There were 132 households, out of which 41.7% had children under the age of 18 living with them, 75.0% were married couples living together, 6.8% had a female householder with no husband present, and 15.9% were non-families. 12.9% of all households were made up of individuals, and 6.1% had someone living alone who was 65 years of age or older. The average household size was 2.98 and the average family size was 3.23.

In the town, the population was spread out, with 31.6% under the age of 18, 8.1% from 18 to 24, 30.4% from 25 to 44, 18.8% from 45 to 64, and 11.1% who were 65 years of age or older. The median age was 33 years. For every 100 females, there were 110.9 males. For every 100 females age 18 and over, there were 100.7 males.

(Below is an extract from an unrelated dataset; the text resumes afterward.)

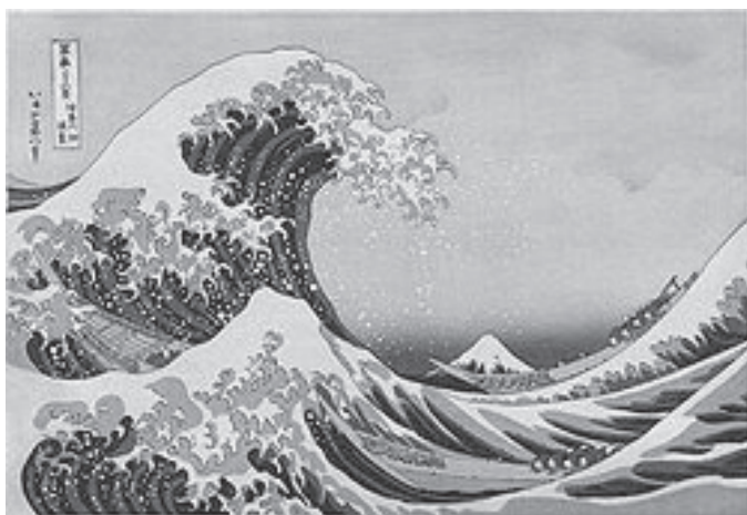
Xilogravura "A Grande Onda de Kanagawa", de Katsushika Hokusai (1760-1849),

The median income for a household in the town was $39,821, and the median income for a family was $50,250. Males had a median income of $31,806 versus $26,250 for females. The per capita income for the town was $15,272. About 18.2% of families and 19.5% of the population were below the poverty line, including 21.1% of those under age 18 and 32.4% of those age 65 or over.

Historical population
| Census | Pop. | Note | %± |
| 1980 | 282 |  | — |
| 1990 | 173 |  | −38.7% |
| 2000 | 405 |  | 134.1% |
| 2010 | 368 |  | −9.1% |
| 2020 | 399 |  | 8.4% |
U.S. Decennial Census 2020 Census

==Education==

The Town of Mildred is served by the Mildred Independent School District.